Os quadrinhos são uma mídia especialmente adequada para o afrofuturismo, disse Womack. Muitas narrativas afrofuturistas são não lineares, algo que os quadrinhos, com sua capacidade de mover e empilhar painéis para brincar com os conceitos de tempo, são capazes de transmitir.

Os artistas de quadrinhos também podem empregar elementos visuais como as imagens do Black Arts Movement, ou figuras da mitologia iorubá e ibo, de maneiras que não são possíveis para os escritores de prosa.

“O afrofuturismo está constantemente se movimentando entre o futuro e o passado, mesmo nas referências visuais que os artistas usam”, disse Womack.

“After the Rain” marca o lançamento da Megascope, uma linha de livros da editora Abrams “dedicada a destacar trabalhos especulativos escritos por pessoas não brancas e destinados a leitores não brancos”. O conselho consultivo do selo editorial inclui o acadêmico e escritor Henry Louis Gates Jr.

“O afrofuturismo é só uma maneira de resumir o conceito”, disse Jennings, fundador e curador da Megascope. “Na verdade, se trata de ficção especulativa negra.
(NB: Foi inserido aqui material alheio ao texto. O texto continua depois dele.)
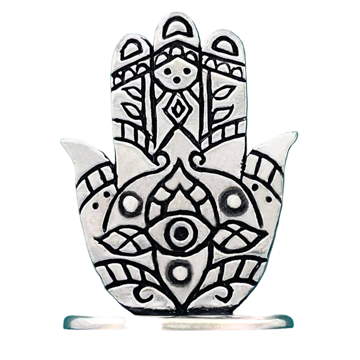 This exquisite pewter plaque features a beautifully crafted hamsa hand adorned with an eye, symbolizing protection and good fortune. The intricate design showcases the artistry of the piece, making it a perfect addition to any home or office decor. Each plaque is elegantly boxed, making it an ideal gift for loved ones or a meaningful personal keepsake.

Mas o termo é longo demais. Só não quero que as pessoas pensem que a Megascope é apenas afrofuturista. Vamos lançar livros de terror, ficção policial, ficção histórica”.

Okorafor, autora do primeiro título a ser lançado pelo selo editorial, “After the Rain”, classifica sua obra como “Africanfuturism”, termo que ela cunhou para descrever uma subcategoria de ficção científica parecida com o afrofuturismo mas mais profundamente enraizada na cultura e na história dos americanos de origem africana. “Nnedi é uma autora muito quente no momento”, disse Jennings, “e por isso achei que seria uma ótima maneira de lançar a série”.
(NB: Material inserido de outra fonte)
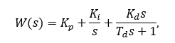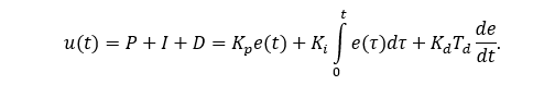 The output signal of the PID controller is determined by three terms: the first term is proportional to the value of the loop error sign (error), the second term is proportional to the integral of the loop error sign, and the third term is its derivative:

Em abril, a Megascope publicará “Hardears”, uma história de fantasia e aventura que se passa na ilha Jouvert, uma versão de Barbados povoada por criaturas míticas —os gigantescos “moongazers” e os “soucouyants”, que mudam de forma— extraídas do folclore caribenho. “Black Star”, uma história de gato e rato sobre dois astronautas naufragados em um planeta desolado, sai em maio.

Professor de mídia e estudos culturais na Universidade da Califórnia em Riverside, Jennings dedicou boa parte de sua carreira ao afrofuturismo, escrevendo trabalhos acadêmicos a respeito do movimento e conduzindo mesas redondas de debate sobre quadrinhos afrofuturistas.

Ele trabalhou com o artista Stacey Robinson, formando a dupla “Black Kirby”, para reimaginar o trabalho de Jack Kirby, um artista da Marvel, do ponto de vista negro —produzindo, por exemplo, “The Unkillable Buck”, baseado no “Incrível Hulk”.

Para Jennings, o reverendo Martin Luther King era afrofuturista. “O topo da montanha sobre o qual ele falou não existe neste universo”, disse Jennings. “É uma construção imaginária do que o futuro poderia ser”.

Para “Infinitum”, lançado pela Amistad, uma divisão da editora HarperCollins, Fielder criou Aja Oba, um poderoso rei africano que sofre a maldição de viver para sempre.

Oba viaja da África para os Estados Unidos e outros lugares, testemunhando a travessia dos Alpes pelo exército de Aníbal, a ascensão da escravatura nos Estados Unidos, o movimento dos direitos civis e (alerta de spoiler) a morte de nosso sistema solar.

“Infinitum” tem uma qualidade distintamente cinematográfica —as influências de Fielder incluem Ralph McQuarrie, artista gráfico dos filmes “Star Wars”— e as referências e influências compartilhadas entre quadrinhos e filmes devem continuar.

Depois que Coates reiniciar (e encerrar ao fim de três edições) a sua história sobre o Pantera Negra, a Marvel Studios deve lançar “Black Panther 2”, enquanto os produtores da Disney estão trabalhando com a editora de quadrinhos Kugali em “Iwaju”, uma série de animação que se passa em uma versão futurista da metrópole nigeriana, Lagos.

Talvez mais do que qualquer outra coisa, os quadrinhos afrofuturistas sejam uma forma de reivindicar inclusão racial em uma multiplicidade de futuros.

“E não é porque as histórias tratam de temas negros que elas se destinam apenas ao público negro”, disse Jennings. “Eu adoro o Demolidor, mas a Marvel jamais diria que as histórias dele são só para os americanos brancos e pobres, descendentes de irlandeses. Essas histórias são para todo mundo.”